# Traynor Ironhorse



## Pontiac6million (Oct 4, 2016)

Just would like some input on this amp as I have a chance to buy one in good condition for a good price. Already have a yba mod 1 and matching cab. Wonder if this would compliment it. How do owners or former owners like this amp? would be considering this more for the cleans then crunch


----------



## TWRC (Apr 22, 2011)

It really depends on how you plan on using it. If you're going to be using it in a band context, I found that I couldn't get enough headroom / cleans with it at times. If it's going to be something for basement use, you'll end up having a lot of fun with it.


----------



## torndownunit (May 14, 2006)

I had similar issues. I play loud rock so I never wanted pristine cleans, but the dark horse was pushed pretty hard in a live context. So if you play louder music, I can't say I'd recommend it for cleans. I got an Iron Horse for a steal used and have been much happier with it.
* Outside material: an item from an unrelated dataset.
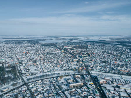 Aerial view from a drone of the city of Nizhyn, Chernihiv region in winter
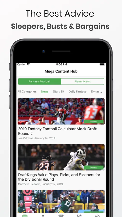 Our analysts write unique daily articles and content to help boost your draft knowledge. We will help you find sleepers, bargains and busts.

Especially considering you can get them used for not much more than the dark horse.


----------



## Guest (Oct 12, 2018)

I like my Iron as well. 
I'm also a crunch fan so I can't really comment on the cleans.
They are discontinued and I've rarely seen them come up for sale so you may want to grab it.
If it's not your style, you should have no problem flipping it.


----------



## torndownunit (May 14, 2006)

Was the title originally asking about a dark horse or am I higher than I though I was?


----------



## Guest (Oct 12, 2018)

torndownunit said:


> am I higher than I though I was?


yes you are.


----------



## Pontiac6million (Oct 4, 2016)

TWRC said:


> It really depends on how you plan on using it. If you're going to be using it in a band context, I found that I couldn't get enough headroom / cleans with it at times. If it's going to be something for basement use, you'll end up having a lot of fun with it.


It would be more for home use then a band situation. Not in the band and don't see that in the near future but jamming with others for sure


----------